Australian National University politics lecturer Jill Sheppard said tariffs offered pitfalls for both leaders on the campaign trail.
“It’s a zero-sum game,” Australian National University politics lecturer Jill Sheppard told AAP.
“Anytime the major parties talk about this, they risk getting other people offside.”
Mr Dutton, for example, could lean on the Liberal Party’s connections and broad political alignment with the US Republicans to claim he could get on the phone with the president.
“(However) any time Dutton talks about his relationship with Trump, it frames the Liberals as worryingly close to Trump,” Dr Sheppard said.

On the other hand, Labor could be blamed for failing to prevent the president’s first round of tariffs on all steel and aluminium imports.
The fact that no country has scored a US tariff exemption could play into the government’s favour, Dr Sheppard said.

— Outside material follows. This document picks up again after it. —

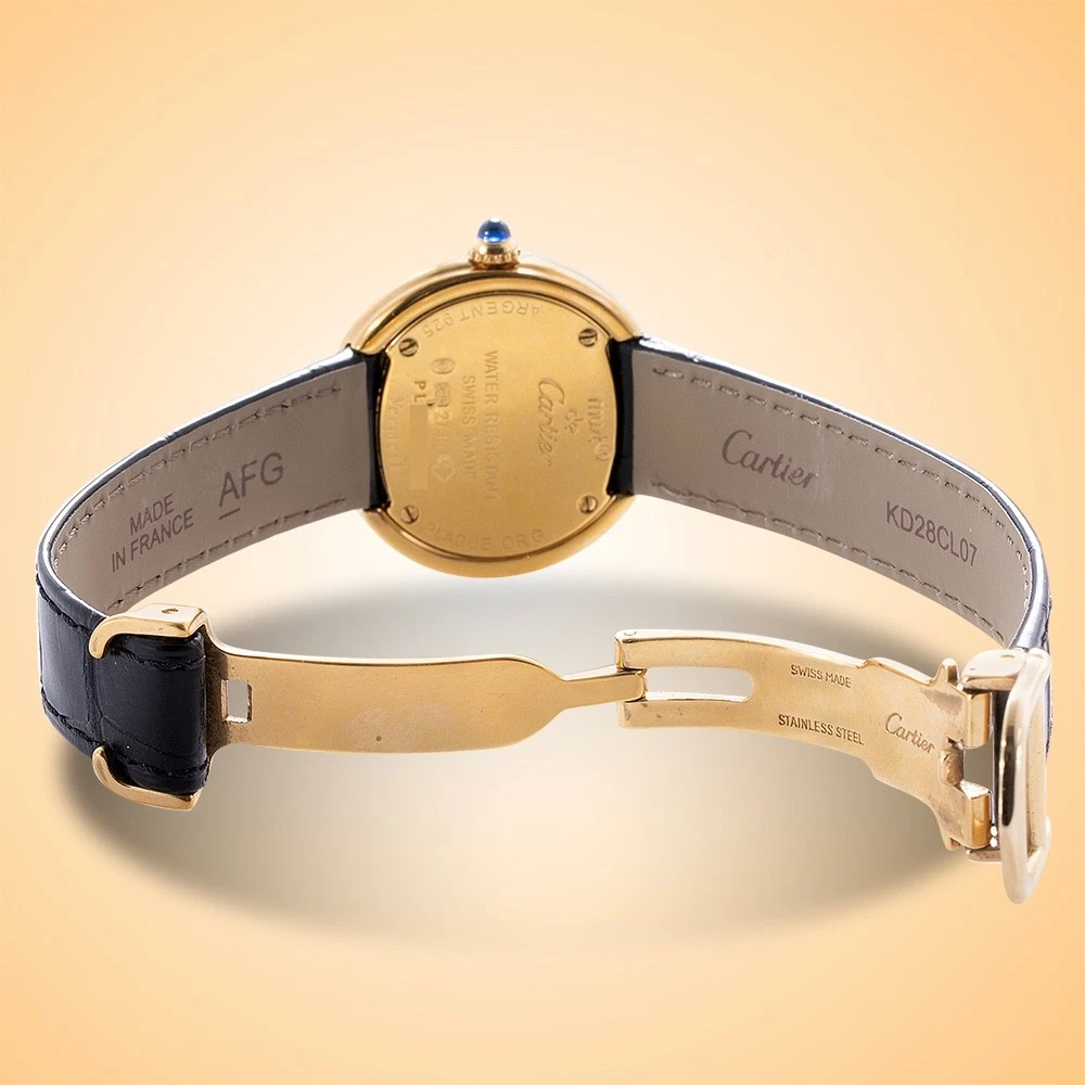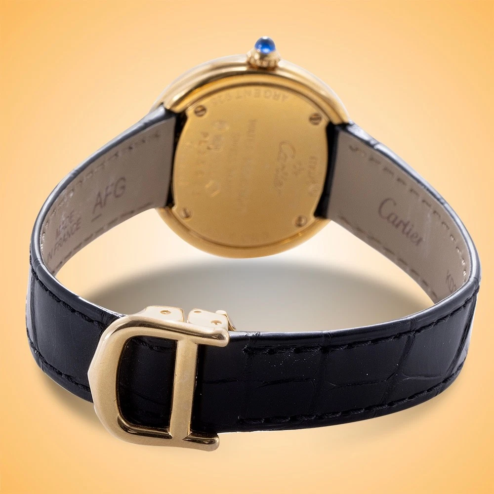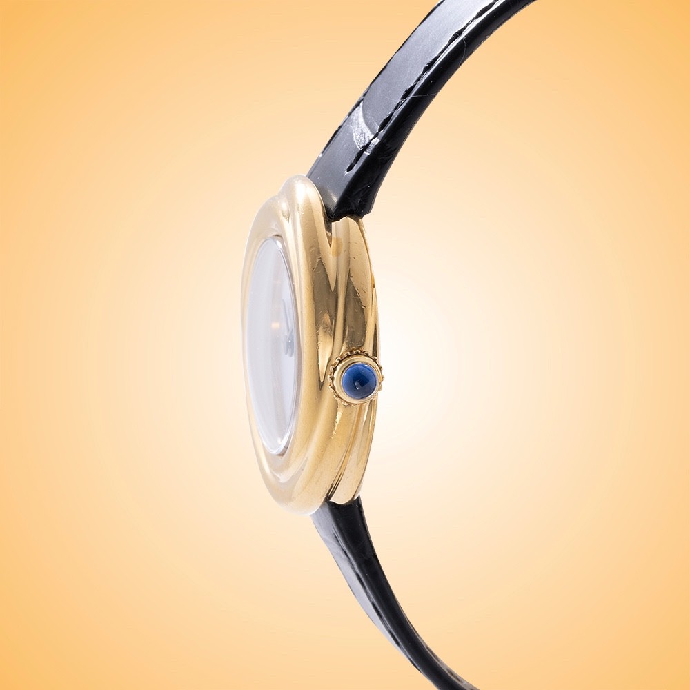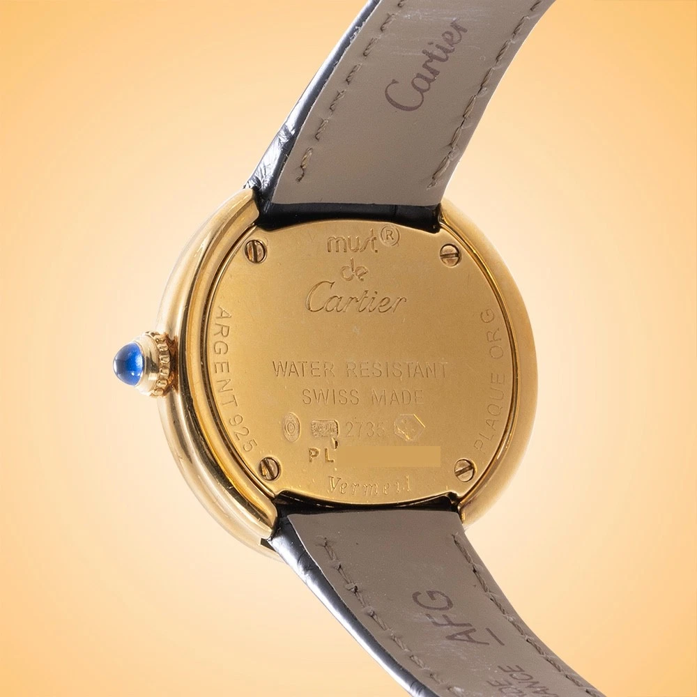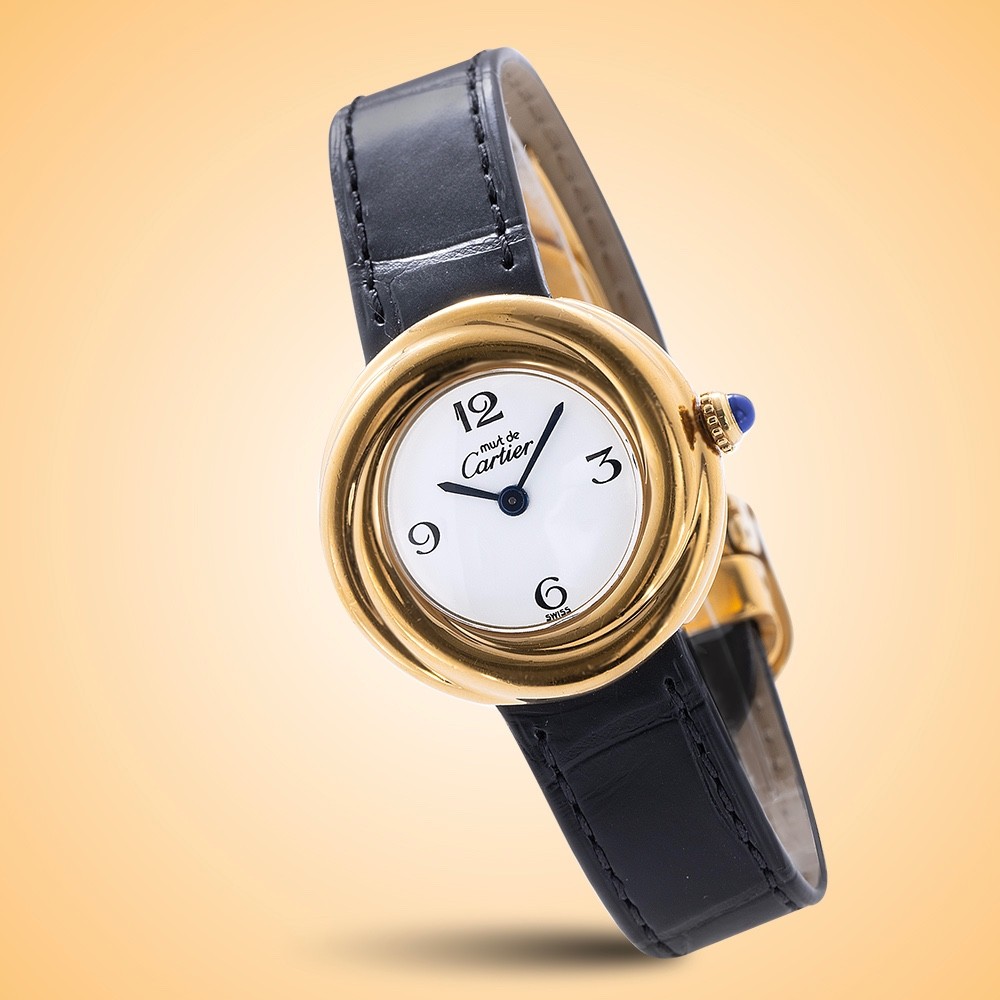 Essence of Time Cartier Must de Cartier Trinity Quartz Gold-Plated Vintage Ladies Watch 2735 Description: Cartier—the very name itself evokes the pinnacle of sumptuous luxury goods. One look at this stunning vintage timepiece and you may think, It’s a must-have for my collection. In fact, you would not be alone in this line of thinking. Must de Cartier, meaning Cartier, it’s a must was a fascinating line of watches named in celebration of the English phrase, a must have. First, the 925 silver base metal case with attractive yellow gold plating moves the eye in its dynamic and thoroughly unique swirling shape. It measures a comfortable 27 mm in diameter and 6.5 mm in height. The gold-plated deployant buckle adds a layer of safety while resting upon a brand new black matte-finish alligator leather strap. Note the push / pull winding crown that has been thoughtfully emblazoned with an eye-catching blue cabochon. Upon the clean white dial we encounter 4 printed Arabic numerals and sword-shaped blued steel hands Additional features include a scratch-resistant sapphire crystal, a push / pull winding crown with ridges on the side for easier turning, and slightly domed sapphire crystal. A minimalist masterpiece in every regard, this Cartier Must de Cartier Trinity timepiece will surely make an outstanding addition to your collection. Standout features: Unique 925 silver base metal case with attractive gold plating; gold-plated deployant buckle; cabochon-emblazoned winding crown. Details at a glance: Model Reference: 2735 Case Material: 925 Silver base metal with gold plating Case Dimensions: 27 mm Case Height: 6.5 mm Movement: Quartz Caliber: Cartier 157 Complication(s) / Feature(s): Standard time Dial: White with printed Arabic numerals Crystal: Domed scratch-resistant sapphire Winding Crown: Push / pull Water-resistance: 20 m / 2 atm Band: Black alligator semi-matte leather strap Clasp: Stainless steel gold-plated deployant buckle Country of Origin: Switzerland Condition: Pre-owned in good vintage condition; the watch has been cleaned, comes with fresh battery and was tested for water-resistance up to 20 m / 2 atm. New OEM black alligator leather strap has been installed. Comments: Includes original box and booklet Auction and Payment Procedures: We welcome all interested eBay watch shoppers to participate in our auctions and have highly valued continuous support from eBay's community. We would like to offer our Products , Experience and High Service Level to all eBay members – Domestic and International , Experienced Shoppers and Novices alike. A winning bidder needs to contact us within 3 (three) days after the auction's successful purchase according to eBays' and our rules and policies to make all necessary payment arrangements. The payment has to be received within ten days after the auction's closing. We encourage our potential eBay customers to contact us with all vital questions regarding our merchandising, payment procedures, shipping, etc. prior or during active auctions, so we could make your shopping and trading experience with us as pleasant as possible . A Winning Bid is a legal binding contract between buyer and seller per eBay Rules and Regulations, and transactions must be fulfilled according to these policies. Domestic Shipping: Shipments are performed via fully insured Next Day or 2nd Day UPS Delivery service, and the shipping charges are based on the insured amount and urgency of the shipment. All packages are shipped with "Signature Required" for customer's security and have to be signed for by an authorized adult. We can make certain shipping accommodations by using different shipping couriers and ask potential customers to contact us with their inquiries. International Shipping: We ship our watches Worldwide and have extensive experience in international shipments. Our international deliveries are performed via fully insured International Priority FedEx service. We encourage our International bidders to contact us for shipping quotes to the countries of their residence since shipping charges vary quite significantly depending on geographic regions of the world. Please note, that all International customers are responsible for VAT, any associated taxes, customs fees imposed and charged by their local governments. Warranty Policies: Essence of Time, Inc. provides a Warranty of 2 Years on brand new, unworn watches, a 1-Year Warranty on pre-owned certified watches , and 9 0-Days mechanical warranty on vintage timepieces from the date of purchase. If a problem with the watch occurs during this period, customers need to contact us and request our Authorization to return the watch for repairs. We keep our customers updated on a status of repairs, and once a watch is fixed, customer will be notified and the watch will be shipped back. Our warranty doesn't cover damages caused by excessive wear and tear, scratches on the case and crystals, non-compliance with manufacturer’s specifications in operating the watch, water-resistance limitations and physical abuse. Returns: We offer 14-Days Return Policy on our watches from the date of receipt of the watch. A customer needs to notify us by the end of a 14th Day of his / her intentions to return a watch, and it has to be shipped back to us as soon as possible. Please don't wear a watch until you are certain, that you would like to keep it. All watches must be returned in the same condition to qualify for refund as they were received, including all boxes, papers, hand tags and other accessories included with a watch. The customer is responsible for return shipping and insurance costs when sending a watch back to us. We reserve the right to reject any returns and withhold the refund if a watch was tempered with, worn, damaged, scratched or altered in any way . General Information About Us: We specialize in high-end Brand Name new and pre-owned timepieces from the most recent and current productions manufactured by leading Swiss

Mr Dutton has argued he is a stronger leader than the prime minister and would be better placed to advocate for Australia’s national interest.
“I don’t care whether it’s President Trump or any other world leader, my job is to stand up for Australians, and I have the strength and the experience to be able to do that,” he said on Wednesday.
The opposition leader will campaign in Western Australia on Thursday while Mr Albanese will begin his day in Melbourne.